What is expected
Your answer must be an exact transcription of every record below, with the pictures omitted.

[Entries supplied Boundary: Start]

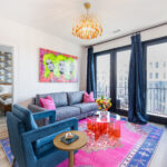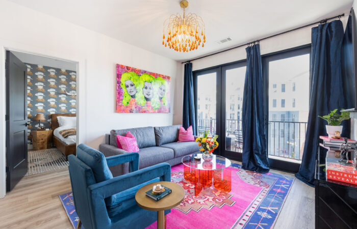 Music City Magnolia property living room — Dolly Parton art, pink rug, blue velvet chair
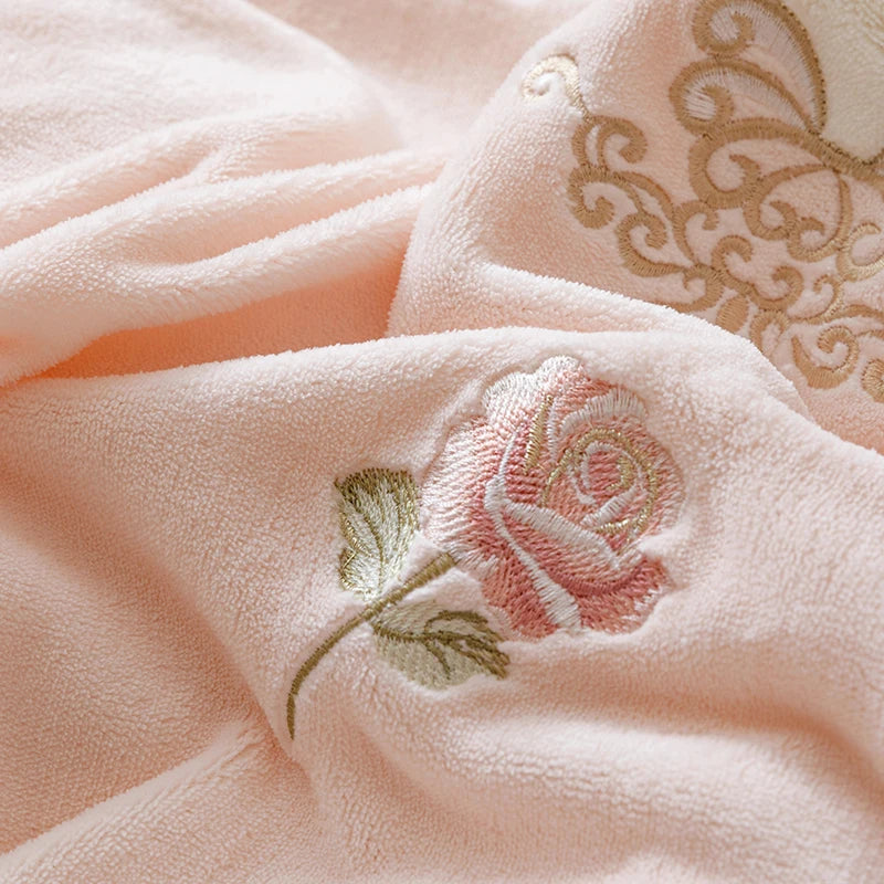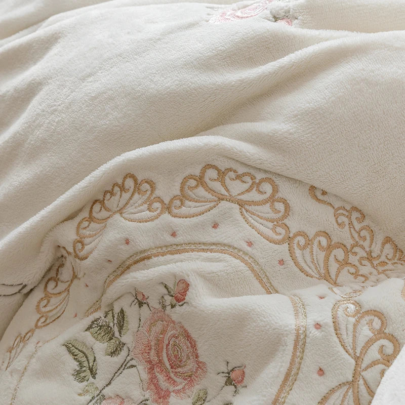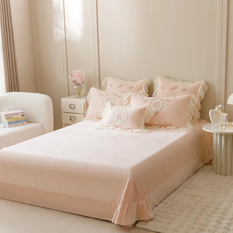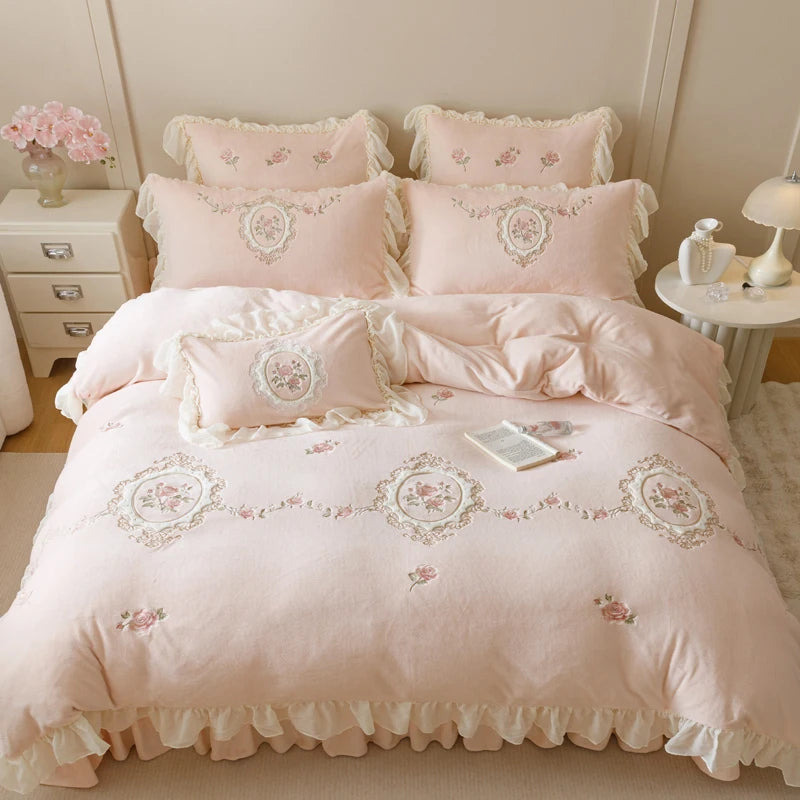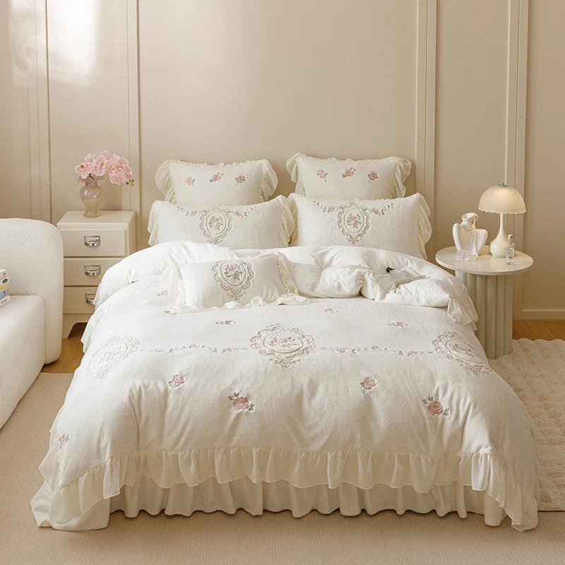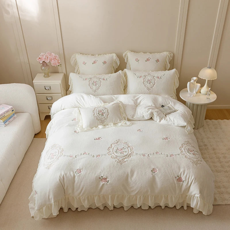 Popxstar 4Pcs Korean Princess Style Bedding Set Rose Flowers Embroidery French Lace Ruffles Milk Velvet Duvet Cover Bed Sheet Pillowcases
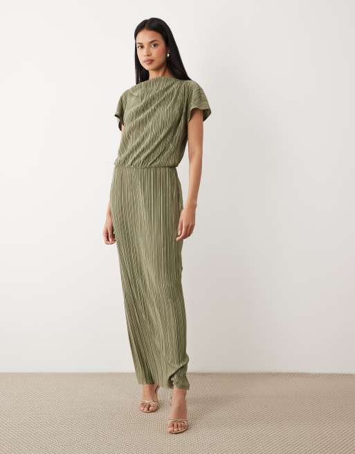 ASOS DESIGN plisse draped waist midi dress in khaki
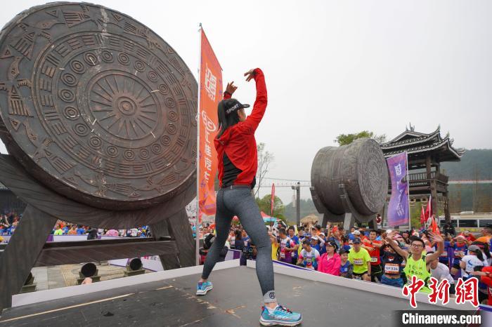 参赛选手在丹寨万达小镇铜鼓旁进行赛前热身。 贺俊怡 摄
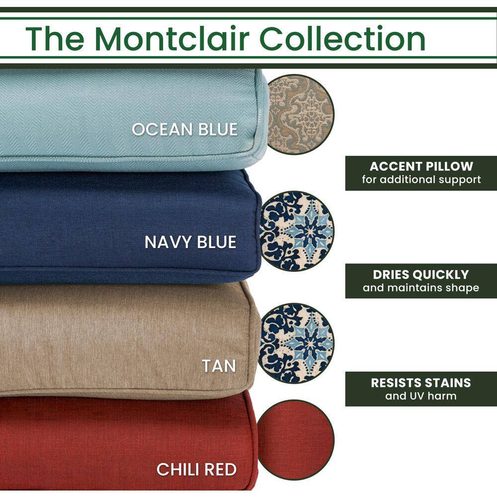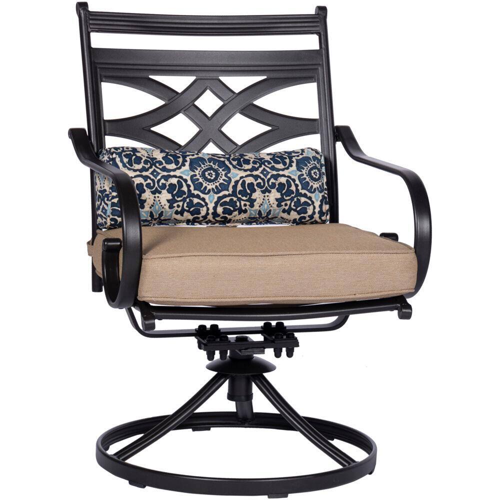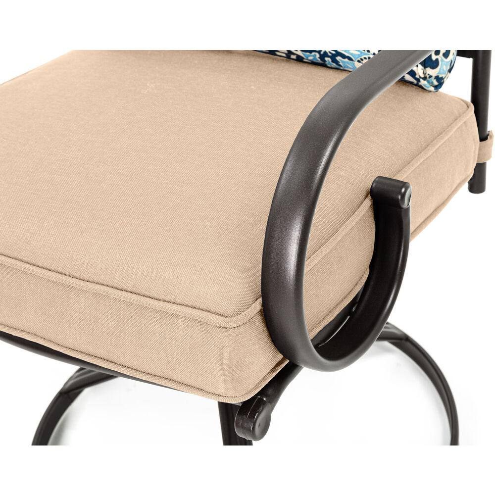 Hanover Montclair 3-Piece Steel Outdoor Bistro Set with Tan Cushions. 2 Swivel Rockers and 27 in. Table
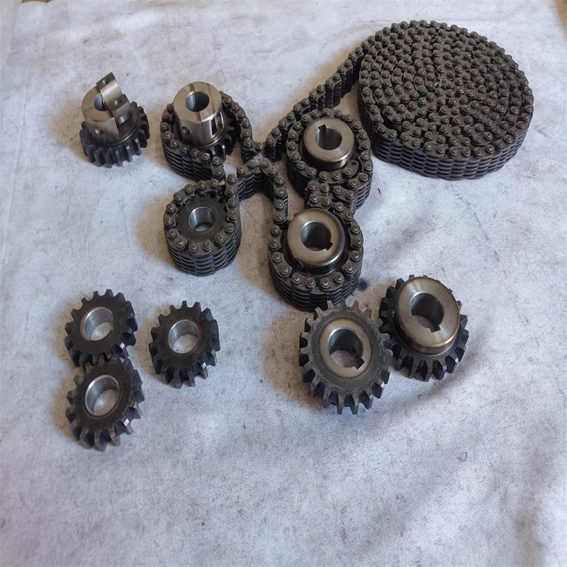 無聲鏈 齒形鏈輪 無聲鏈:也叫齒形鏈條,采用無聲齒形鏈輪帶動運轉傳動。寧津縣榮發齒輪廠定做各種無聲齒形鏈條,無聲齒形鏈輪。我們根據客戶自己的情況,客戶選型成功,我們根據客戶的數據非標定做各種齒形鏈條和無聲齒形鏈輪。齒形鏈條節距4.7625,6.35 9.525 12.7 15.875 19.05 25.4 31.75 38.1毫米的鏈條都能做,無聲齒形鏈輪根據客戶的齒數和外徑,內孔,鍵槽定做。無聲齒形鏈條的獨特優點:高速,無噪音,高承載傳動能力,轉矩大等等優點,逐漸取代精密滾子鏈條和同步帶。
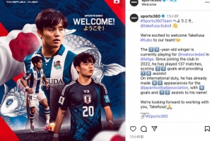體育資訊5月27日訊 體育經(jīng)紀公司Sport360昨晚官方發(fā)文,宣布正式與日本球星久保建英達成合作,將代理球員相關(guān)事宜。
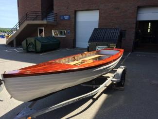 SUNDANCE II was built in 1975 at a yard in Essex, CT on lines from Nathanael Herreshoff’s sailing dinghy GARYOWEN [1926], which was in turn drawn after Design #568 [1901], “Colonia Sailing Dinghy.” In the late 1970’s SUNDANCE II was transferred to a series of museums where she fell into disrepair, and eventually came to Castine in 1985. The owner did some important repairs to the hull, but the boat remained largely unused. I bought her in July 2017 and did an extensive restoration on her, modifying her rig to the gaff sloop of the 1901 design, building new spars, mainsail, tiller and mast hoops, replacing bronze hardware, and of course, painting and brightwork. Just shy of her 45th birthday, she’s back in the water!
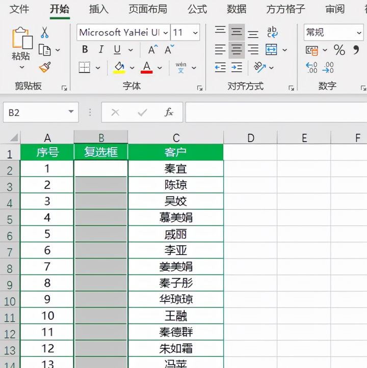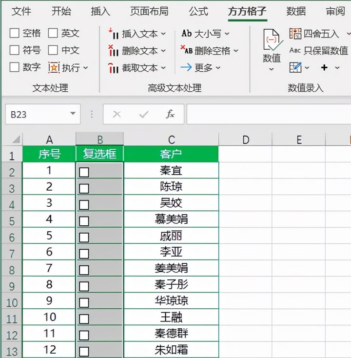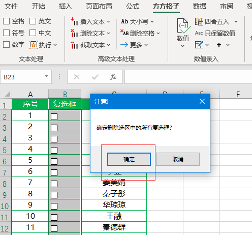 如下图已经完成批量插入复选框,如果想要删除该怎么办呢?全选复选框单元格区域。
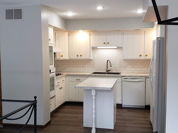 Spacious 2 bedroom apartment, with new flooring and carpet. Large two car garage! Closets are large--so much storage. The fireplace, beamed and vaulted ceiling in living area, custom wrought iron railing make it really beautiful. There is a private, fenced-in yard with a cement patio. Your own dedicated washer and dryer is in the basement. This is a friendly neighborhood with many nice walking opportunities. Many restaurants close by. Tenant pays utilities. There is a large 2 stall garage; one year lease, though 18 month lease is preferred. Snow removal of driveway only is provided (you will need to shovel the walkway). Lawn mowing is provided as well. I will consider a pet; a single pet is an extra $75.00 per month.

[Entries supplied Boundary: End]

Your response
 Music City Magnolia property living room — Dolly Parton art, pink rug, blue velvet chair
 Popxstar 4Pcs Korean Princess Style Bedding Set Rose Flowers Embroidery French Lace Ruffles Milk Velvet Duvet Cover Bed Sheet Pillowcases
 ASOS DESIGN plisse draped waist midi dress in khaki
 参赛选手在丹寨万达小镇铜鼓旁进行赛前热身。 贺俊怡 摄
 Hanover Montclair 3-Piece Steel Outdoor Bistro Set with Tan Cushions. 2 Swivel Rockers and 27 in. Table
 無聲鏈 齒形鏈輪 無聲鏈:也叫齒形鏈條,采用無聲齒形鏈輪帶動運轉傳動。寧津縣榮發齒輪廠定做各種無聲齒形鏈條,無聲齒形鏈輪。我們根據客戶自己的情況,客戶選型成功,我們根據客戶的數據非標定做各種齒形鏈條和無聲齒形鏈輪。齒形鏈條節距4.7625,6.35 9.525 12.7 15.875 19.05 25.4 31.75 38.1毫米的鏈條都能做,無聲齒形鏈輪根據客戶的齒數和外徑,內孔,鍵槽定做。無聲齒形鏈條的獨特優點:高速,無噪音,高承載傳動能力,轉矩大等等優點,逐漸取代精密滾子鏈條和同步帶。
體育資訊5月27日訊 體育經(jīng)紀公司Sport360昨晚官方發(fā)文,宣布正式與日本球星久保建英達成合作,將代理球員相關(guān)事宜。
 SUNDANCE II was built in 1975 at a yard in Essex, CT on lines from Nathanael Herreshoff’s sailing dinghy GARYOWEN [1926], which was in turn drawn after Design #568 [1901], “Colonia Sailing Dinghy.” In the late 1970’s SUNDANCE II was transferred to a series of museums where she fell into disrepair, and eventually came to Castine in 1985. The owner did some important repairs to the hull, but the boat remained largely unused. I bought her in July 2017 and did an extensive restoration on her, modifying her rig to the gaff sloop of the 1901 design, building new spars, mainsail, tiller and mast hoops, replacing bronze hardware, and of course, painting and brightwork. Just shy of her 45th birthday, she’s back in the water!
 如下图已经完成批量插入复选框,如果想要删除该怎么办呢?全选复选框单元格区域。
 Spacious 2 bedroom apartment, with new flooring and carpet. Large two car garage! Closets are large--so much storage. The fireplace, beamed and vaulted ceiling in living area, custom wrought iron railing make it really beautiful. There is a private, fenced-in yard with a cement patio. Your own dedicated washer and dryer is in the basement. This is a friendly neighborhood with many nice walking opportunities. Many restaurants close by. Tenant pays utilities. There is a large 2 stall garage; one year lease, though 18 month lease is preferred. Snow removal of driveway only is provided (you will need to shovel the walkway). Lawn mowing is provided as well. I will consider a pet; a single pet is an extra $75.00 per month.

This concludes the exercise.